Jacques Rivette Is Dead

January 29, 2016 § Leave a comment

The great Jacques Rivette died today.

He was one of the 1950s critics on Cahiers du Cinéma, who not only transformed serious film criticism but became the New Wave, a generation of directors influenced by Hitchcock and Hawks, Nicholas Ray, Fritz Lang and Rossellini– and they left their own indelible mark on the cinema to come. He was a Marxist (of anarchist persuasion, it seems to me) who made films about the mysteries of human life.

Rivette was the most philosophical of the New Wave directors and his films often made things complicated, even cryptic, but were always compelling. Maybe the best known here in Britain is the joyously strange, psychedelically pill-popping Céline and Julie Go Boating (1974). In more than one of his films there is a magician, and in several it is the magic of the theatre that he conjoins with that of cinema: the Pirandellian Va Savoir (2001), a quick, vivid comedy, or the dreamy Paris Belongs to Us (1960), his first full-length feature, where Cold War conspiracy lurks and actors rehearse Pericles.

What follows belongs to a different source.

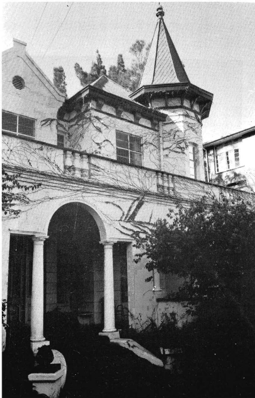
ZASM-HEREHUIS (Rissikstraat 62, Sunnyside). Gebou 1898. Gekoop deur die Vereniging Willem Punt op 9 November 1978. Transportakte No. B33796/1978

For me, it’s another of his early films that stands out. This is The Nun, based on Diderot’s novel of that title. Anna Karina has the role of the young woman condemned by her family to life in a convent, and her struggle to be free has a resonance that goes far beyond its 18th-century setting. Of course Diderot was a banned writer; it’s more extraordinary that Rivette’s film should have found itself banned in France in 1966.

Now only two of the New Wave group survive: Jean-Luc Godard and Agnès Varda, the one woman, so often overlooked. She and Rivette were born in the same year, 1928, and were friends and political allies. I keep seeing affinities between their films, not just in their similarities but also their differences. Rivette is a visual poet of Paris; Paris Belongs to Us shows us an atmospheric labyrinth of hills and steps, where Varda takes an almost documentary view of Paris in Cléo from 5 to 7 (1962), but with both what we see on screen forms a new idea of the world rooted in the city.

Rivette remains one of the very greatest directors. Even though he had been ill for a while, it’s sad to know for sure that there will be no more films directed by Jacques Rivette. I have some still to see, and some of these are very long, which is a consolation.